Esther Slevogt betrachtet das Treiben auf Berlins Bühnen:
Sie gehören zu den berühmtesten Liebespaaren der Theatergeschichte: „Tristan und Isolde“. Denn das Schicksal hat für ihre Liebe von Anfang an keine Perspektive vorgesehen. Tristan soll Isolde für seinen König werben, darf sie also gar nicht selber lieben. Und wie könnte Isolde Tristan lieben, der ihren Verlobten erschlug? Trotzdem verlieben sie sich und das Verhängnis nimmt seinen Lauf. Der Komponist Richard Wagner hat aus dem mittelalterlichen Stoff eine seiner berühmtesten Opern geschaffen.
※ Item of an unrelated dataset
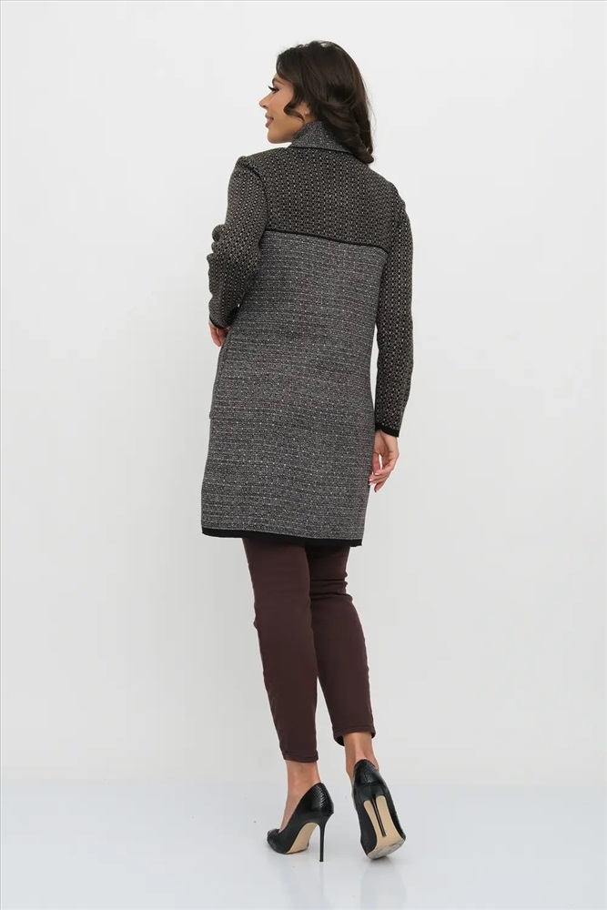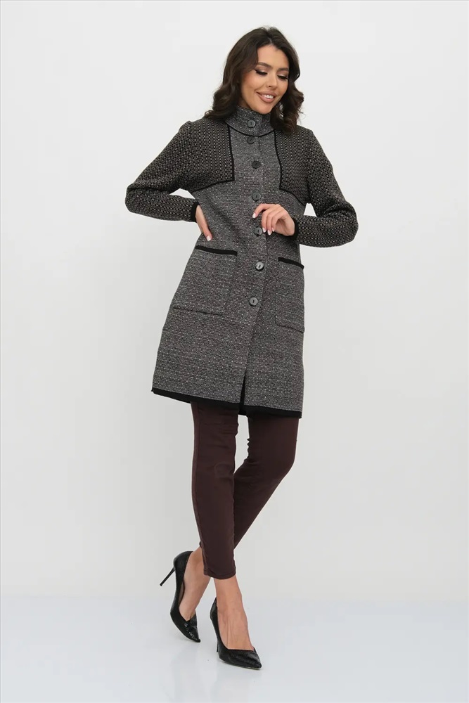 Женский вязаный кардиган полуприлегающего силуэта с воротником-стойкой. Кардиган застегивается на пуговицы. Рукава втачные длинные. Накладные карманы прямоугольной формы. Кардиган выполнен жаккардовым переплетением.

Seine Wirkung bezieht das Werk aus dem Clash von emotionalem Überdruck und politischer Ohnmacht, aus dem Abgrund, der sich mit so existenzieller Wucht zwischen Staatsraison und Individuum auftut. In den Sophiensælen kommt nun eine Version des Werks zur Aufführung, die das inklusiv arbeitende Zürcher Theater Hora mit dem Berliner Musiktheaterkollektiv Hauen + Stechen um die Regisseurinnen Franziska Kronfoth und Julia Lwowski erarbeitet hat. Erklärtes Ziel: den Überdruck abzulassen und den berühmten Liebestrank gemeinsam mit dem Publikum zu trinken. Und in einer riesigen Walinstallation durch einen Ozean von Euphorie, Depression, Lust, Hass und Scham zu navigieren! (26. & 28.–30. 4., jeweils 19.30 Uhr)
Der Dichter Hans-Christian Andersen bezog viel dichterische Energie aus seiner unerfüllten Liebe zu der Opernsängerin Jenny Lind. Seine Märchen handeln oft davon, dass jemand etwas anderes sein möchte, als sie*er ist. Oder, weil anders, nicht vom Mainstream akzeptiert wird. Das hässliche Entlein zum Beispiel, das eigentlich sogar ein Schwan ist. Der Regisseur Bastian Kraft hat auf Andersen-Geschichten wie dieser nun eine sehr eigene Lesart angewandt: dass es sich nämlich bei diesen Verwandlungen auch um ein maskiertes Spiel mit Geschlechtlichkeit und Sexualität handelt. Dies war der Ausgangspunkt für sein Projekt, Andersens Märchen den Biografien von Berliner Dragqueens gegenüberzustellen. „Ugly Duckling“ ist es überschrieben und kommt am 25. 4. in den Kammerspielen des Deutschen Theaters heraus (Deutsches Theater, Premiere 25. 4., 20 Uhr).
Vom Mainstream nicht akzeptiert ist auch Amir, das Kind arabischer Einwanderer in Deutschland und Protagonist des neuen Stücks von Mario Salazar. Mit der Uraufführung des Dramas „Amir“ über eine Migrationsjugend in Deutschland, gefangen zwischen totaler Verweigerung und verzweifeltem Anpassungswunsch, gibt die Regisseurin Nicole Oder (die sonst zur künstlerischen Leitung des Heimathafens Neukölln gehört) ihr Regiedebüt im BE (Berliner Ensemble, Premiere 28. 4., 20 Uhr).